In other words the use cases for multiple assignment are things like:
# swap
x, y = y, x
# multiple return values
quot, rem = a.divmod(b)
# etc.
name, age = "Person", 100
In other words, most of the time the object being assigned from (the Array) isn't even apparent.
You can't redefine assignment, because it's an operator instead of a method. But if your AllYourCode class were to inherit from Array, your example would work.
When Ruby encounters an assignment, it looks at the right hand side and if there is more than one rvalue, it collects them into an array. Then it looks at the left hand side. If there is one lvalue there, it is assigned the array.
def foo
return "a", "b", "c" # three rvalues
end
x = foo # => x == ["a", "b", "c"]
If there is more than one lvalue (more specifically, if it sees a comma), it assigns rvalues successively and discards the extra ones.
x, y, z = foo # => x == "a", y == "b", z == "c"

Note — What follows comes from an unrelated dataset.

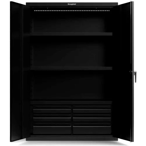 Stronghold Heavy Duty Cabinet, 3 Shelves, 6 Halfwidth Drawers, 18 Gauge, 48"W x 24"D x 72"H, Black
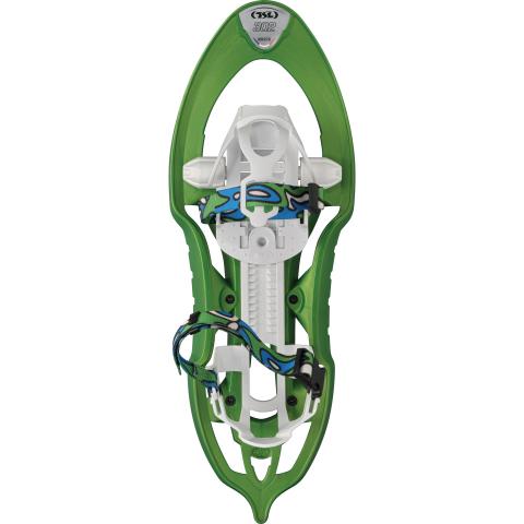Lasten lumikenkä, jonka side on suunniteltu aktiiviseen käyttöön. 3D-tiimalasimuodon ansiosta kengät kantavat hyvin lumessa. Edessä oleva muovihammastus ja pohjassa olevat kuusi teräspiikkiä lisäävät pitoa jäällä.

x, y = foo # => x == "a", y == "b"
x, = foo # => x == "a"
You can do parallel assignment if an array is returned, too, as you have discovered.
def bar
["a", "b", "c"]
end
x = bar # => x == ["a", "b", "c"]
x, y, z = bar # => x == "a", y == "b", z == "c"
x, y = bar # => x == "a", y == "b"
x, = bar # => x == "a"
So in your example, if rb is an Array or inherits from Array, x and y will be assigned its first 2 values.